Task input.

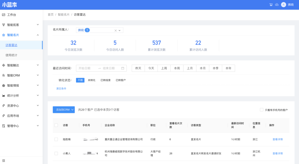 2、在访客雷达中可查看名片访客的具体信息,例如访客姓名、联系方式、企业名称、职位、查看名片次数、访客类型。点击【查看详情】可查看访客操作记录。
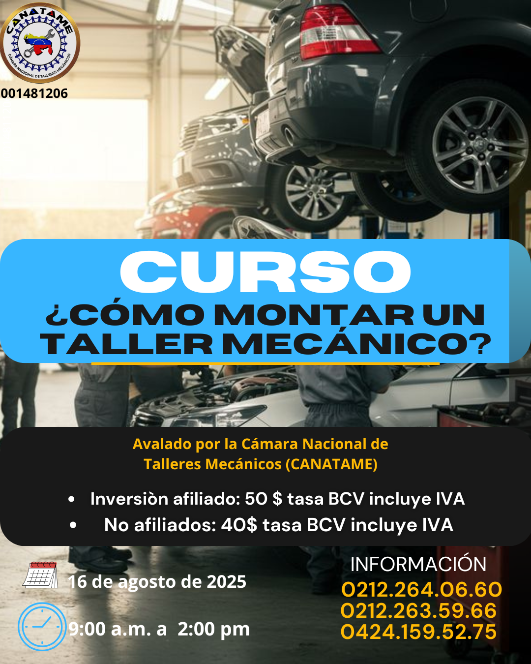 CANATAME Av. Libertador, Multicentro Empresarial del Este, Edif. Miranda, Piso 6, Ofic. 67-A, Chacao, Caracas, Caracas, Distrito Capital, VenezuelaLes escribo para compartirles información importante sobre un próximo curso: Cómo montar un taller mecánico en Venezuela? Propósito del Curso Más allá de los aspectos legales y técnicos, este curso busca consolidar el gremio automotriz, a través de la implementación de buenas prácticas, con el objetivo primordial de incentivar la formalidad en el sector. Queremos empoderar […]
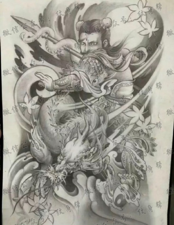一组满背大气九龙拉棺纹身图案作品和手稿
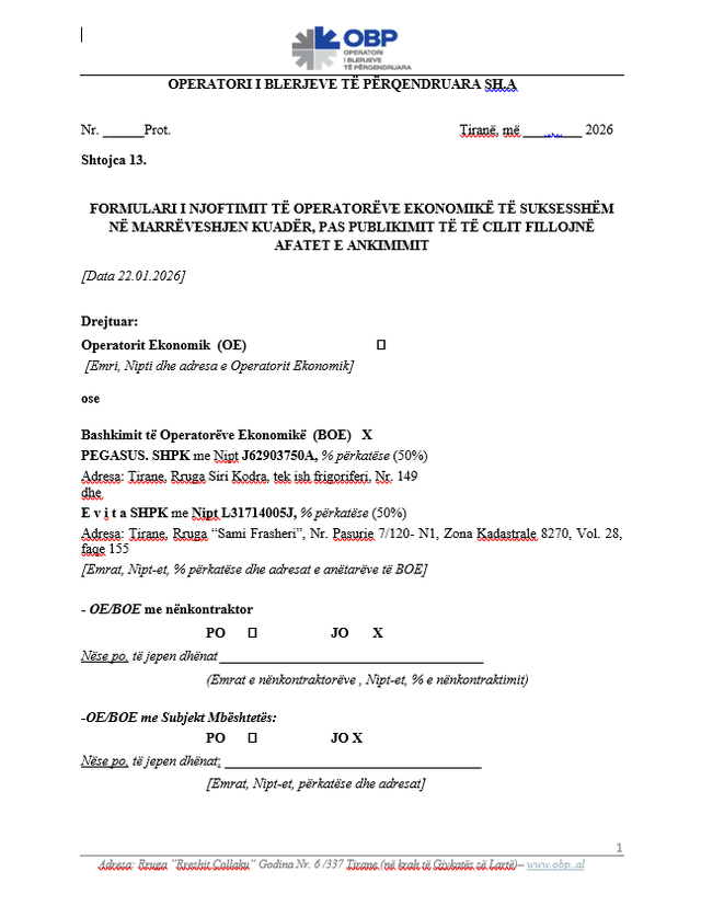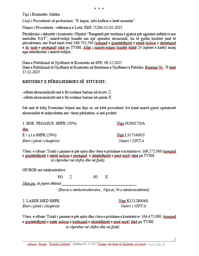 Por për të shpallur subjektet në fjalë, Operatori i Blerjeve të Përqendruara ka skualifikuar kompaninë tjetër pjesëmarrëse në garë, “Laser Med” sh.p.k, e cila kishte paraqitur ofertën më të ulët ekonomike.
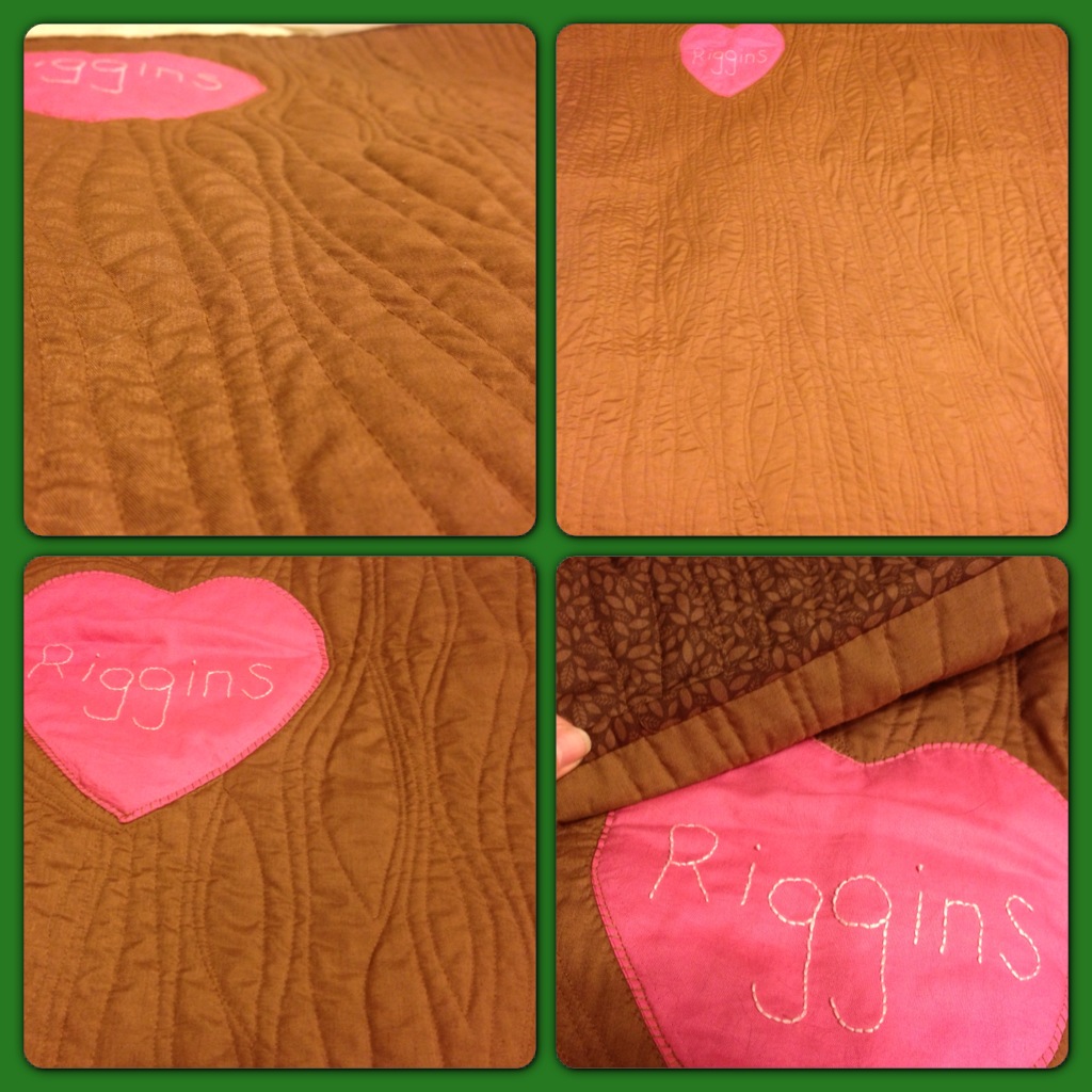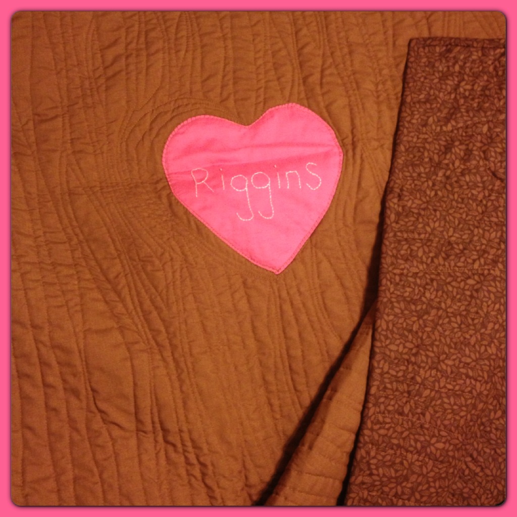 When I showed my mom a picture on Pinterest of a quilt I liked she decided I should make it. At first glance it seemed pretty easy, for a quilt, so a perfect project for a novice quilter. There wasn’t really a pattern but the overall look was a tree bark that had a heart and initials “carved” into it. Of course it was a no brainer that I would change the initials to “Riggins.” (The original Pinterest poster now makes these on request. You can purchase at her Etsy store. Although I think it is kinda weird to have a stranger make something so personal for you it isn’t a bad price. You’d have to pay me closer to what Demi Moore’s character was offered in Indecent Proposal to make this again.) A trip to JoAnns yielded the perfect fabric including material for the back/binding that had brown leaves all over it. (We didn’t purchase enough and my mom was nice enough to go back and get more so I’d have enough strips to make the binding.)
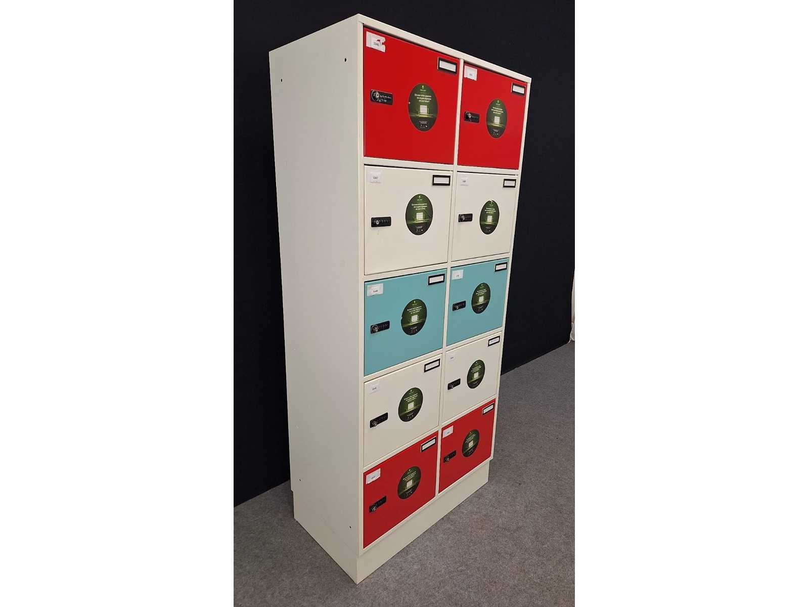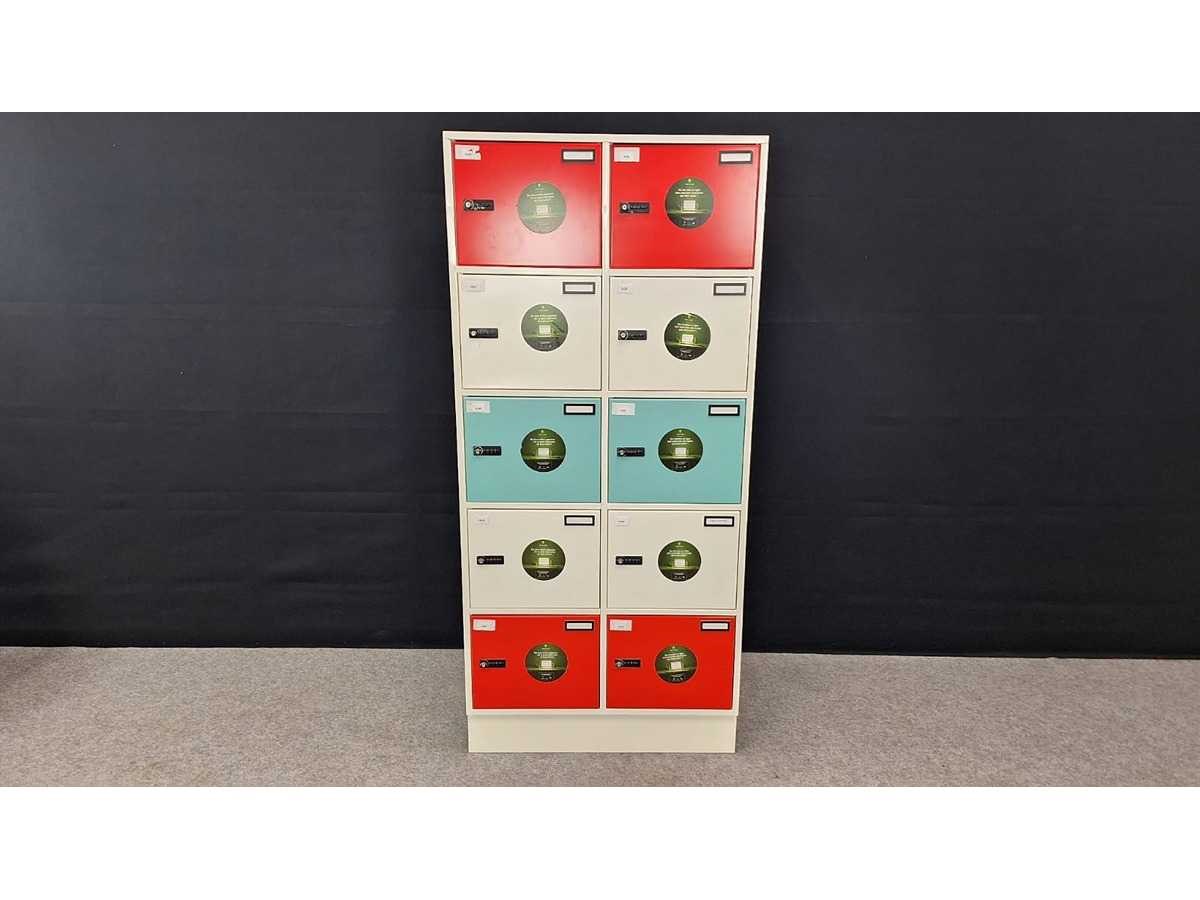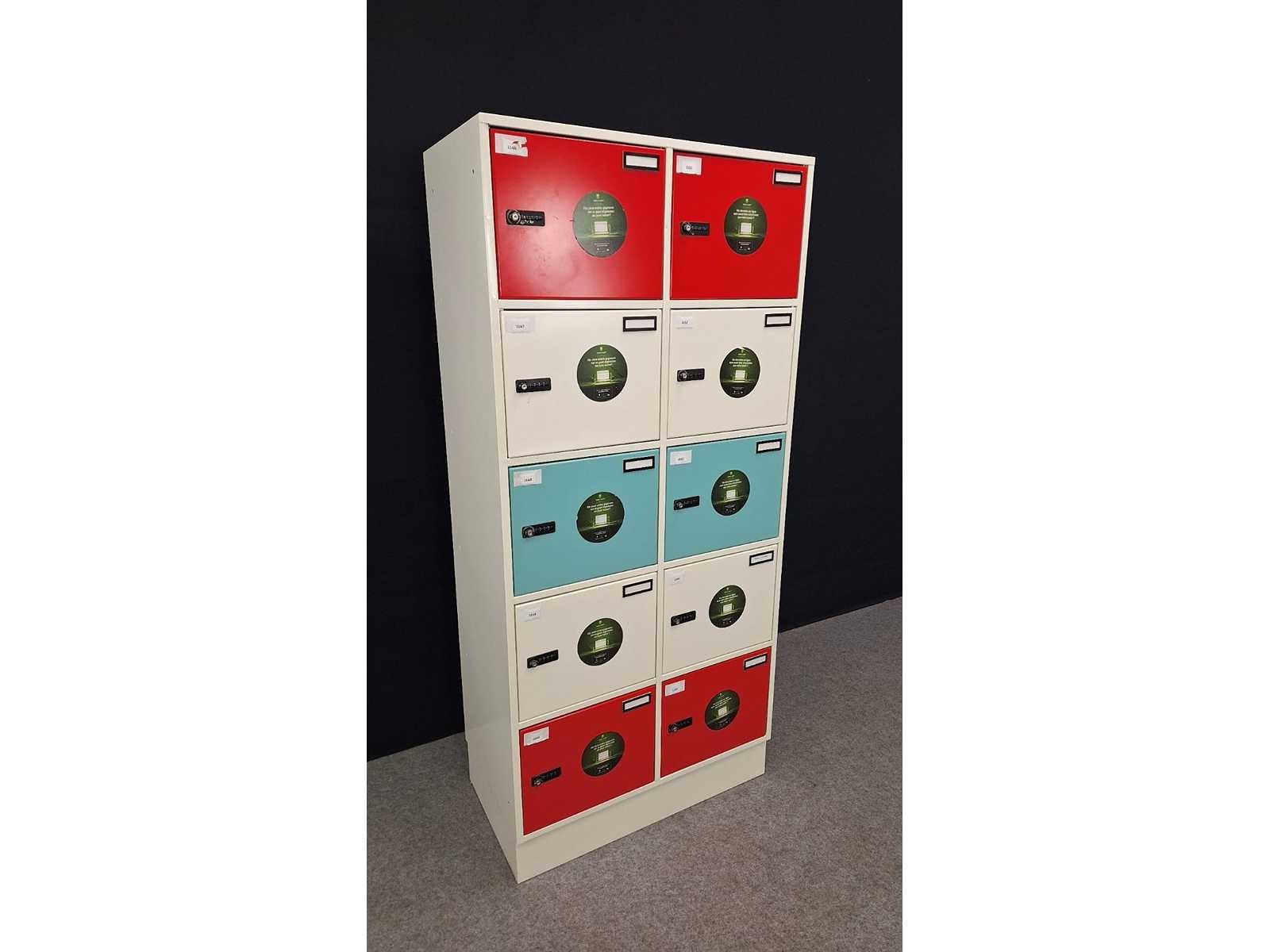 Kast volledig in metaal kleur wit, uitgerust met 10 deuren kleur Rood/Wit, elke deur uitgerust met een codeslot voor persoonlijke veiligheid en een persoonlijk nummer, alle sloten zijn ge-reset, gebruiksaanwijzing aanwezig, afm. 1950 x 900 x 500 mm (h x b x d), afmetingen lockers 450 x 350 x 500 mm (b x h x d) , in goede staat. No Merk: Robberechts Kleur: wit-rood-turqoise Gewicht: 40kg Lengte: 50cm Breedte: 90cm Hoogte: 195cm
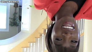 Fantastic svelte ebony real estate dealer Ana Foxxx rides white cock on top
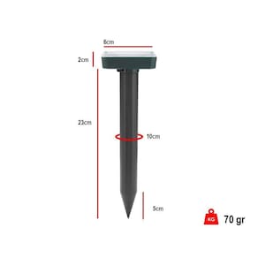 O Repelente solar é projetado para repelir possiveis pestes de aproximar da area desejada, tais como cobras, topeiras, ratos e roedores, utilizando ondas ultrassônicas em conjunto de vibrações. Para melhor desempenho do produto não os posicione um ao lado do outro. Mantenha uma distancia de até 30 metros. Apenas utilizar em lugares onde o sol consiga atingir o Repelente Solar para que o mesmo possa fazer a recarga de bateria durante o dia. Atenção: Este anúncio é referente a 2 unidades do Repelente Solar Características Energia Solar / Sem Consumo de Eletricidade. Não emite substancias tóxicas Ultrassônico e vibrações. Bateria de: 600 MaH Painel: 4v Material: ABS Frequencia: 400hz-1000z (sinal escalonavel para manter a efetividade do produto) Resistente a agua. Dimensões Aproximadas: Altura: 25cm Largura do painel solar: 4cm Circunferência da base: 10cm Atenção: Este anúncio é referente a 2 unidades do Repelente Solar 3 meses de garantia contra defeito de fabricação **150gr Modelo: Repelente Caixa Branca 2 unidades
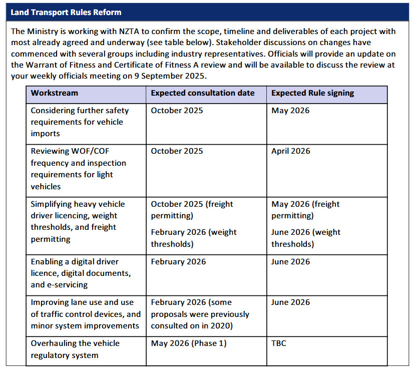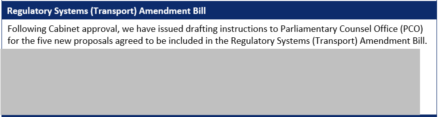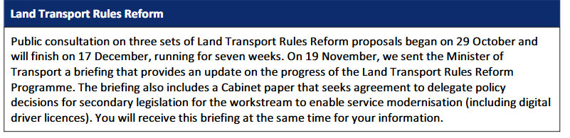 “Regulatory Systems (Transport) Amendment Bil ” and “Land Transport Rules Reform Programme”
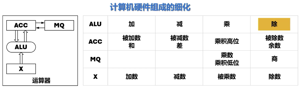 (ACC) / (X) -> MQ # 将累加器中的被除数除以X中的除数,商存入MQ,余数保留在累加器ACC控制器
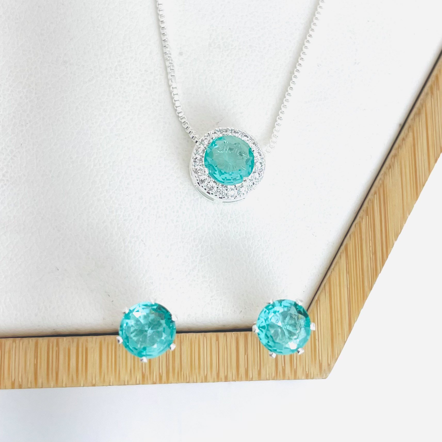 - Pingente Colar: bolinha verde claro cravejado
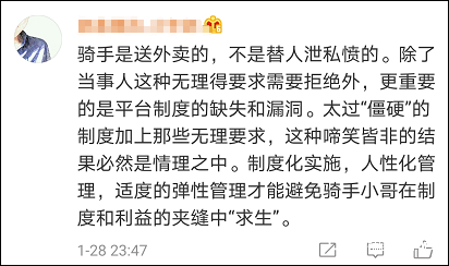 對此,美團於28日做出回應,稱訂單屬實,騎手按備註照做,雙方已和解。不過,這一回應仍未能消除網友的質疑聲。

Instructions for the task.
Could you transcribe exactly the lines from the start of the records through the line containing "When I showed", both ends included, leaving the pictures out?

Result for this exercise.
 2、在访客雷达中可查看名片访客的具体信息,例如访客姓名、联系方式、企业名称、职位、查看名片次数、访客类型。点击【查看详情】可查看访客操作记录。
 CANATAME Av. Libertador, Multicentro Empresarial del Este, Edif. Miranda, Piso 6, Ofic. 67-A, Chacao, Caracas, Caracas, Distrito Capital, VenezuelaLes escribo para compartirles información importante sobre un próximo curso: Cómo montar un taller mecánico en Venezuela? Propósito del Curso Más allá de los aspectos legales y técnicos, este curso busca consolidar el gremio automotriz, a través de la implementación de buenas prácticas, con el objetivo primordial de incentivar la formalidad en el sector. Queremos empoderar […]
一组满背大气九龙拉棺纹身图案作品和手稿
 Por për të shpallur subjektet në fjalë, Operatori i Blerjeve të Përqendruara ka skualifikuar kompaninë tjetër pjesëmarrëse në garë, “Laser Med” sh.p.k, e cila kishte paraqitur ofertën më të ulët ekonomike.
 When I showed my mom a picture on Pinterest of a quilt I liked she decided I should make it. At first glance it seemed pretty easy, for a quilt, so a perfect project for a novice quilter. There wasn’t really a pattern but the overall look was a tree bark that had a heart and initials “carved” into it. Of course it was a no brainer that I would change the initials to “Riggins.” (The original Pinterest poster now makes these on request. You can purchase at her Etsy store. Although I think it is kinda weird to have a stranger make something so personal for you it isn’t a bad price. You’d have to pay me closer to what Demi Moore’s character was offered in Indecent Proposal to make this again.) A trip to JoAnns yielded the perfect fabric including material for the back/binding that had brown leaves all over it. (We didn’t purchase enough and my mom was nice enough to go back and get more so I’d have enough strips to make the binding.)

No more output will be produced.